土日とNSPファンクラブの集いに参加するために東京へ行って来ました。


もう長いこと みゆき・NSP・因幡のファンですが、追っかけをしたのはNSPだけです(笑)
ファンクラブの経験は、現在もingでNSP。
後 過去にTーBOLANに入っていました。

NSP 天野滋が逝去してもFC続行中とは恐るべし中年 否 熟年ファン。
ファンクラブの集いは おばさん達が中心でした(爆)
大石吾朗も参加して楽しい時間を過ごしました。(^o^)

投稿: 姫 | 2006.12.12 23:12

姫さん、お元気なようで何よりです。
音信不通でどうしているのかと思ったら、東京でしたか。(笑)
たまには東京もいいかもね。

NSPはよく解らないけど、姫さんをそこまで夢中にさせるのだから相当なものだね。

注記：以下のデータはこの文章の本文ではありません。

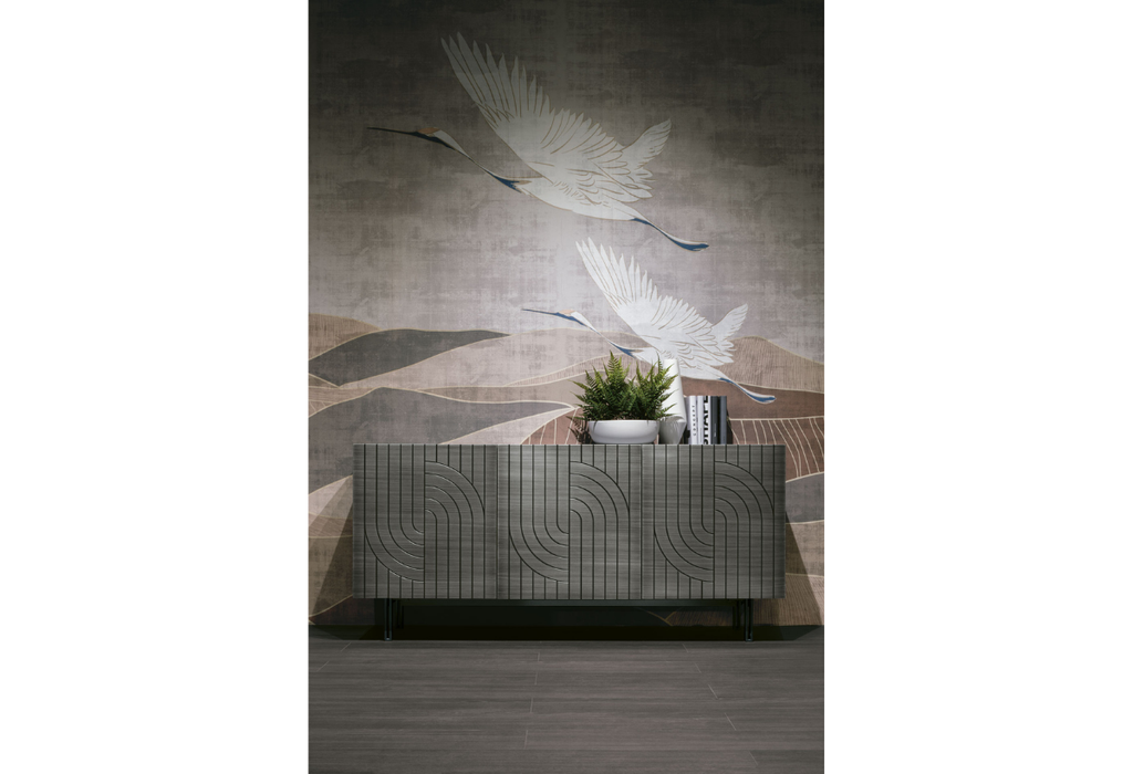 La finitura laccata spazzolata orizzontale crea un raffinato gioco di luci e ombre, esaltando la profondità delle texture e donando alla superficie un effetto materico e tridimensionale.

あ、大石吾朗は知ってますよ、ええ。
ただ、相手が熟年おばさん達じゃかなり手強いというか覚悟が必要だ。
おばちゃんはもう怖いもの知らずだから。ケリなんか入れられなかった?(笑)

冬は鍋、これが一番だ。後かたづけも簡単だし、もうこの時期を首を長くして待っていました。(笑)
牡蠣鍋は牡蠣があればあとはなんでもいいですからね。
白菜に豆腐、これだけで充分だ。
そして残った汁にめんつゆなんかを加え、そこに御飯を入れて、さらに卵でとじる。立派な雑炊のできあがりです。
是非お試し下さい。
まあ、大して自慢できるものではないけど。(笑)
寒くなりました、お風邪など召さぬよう。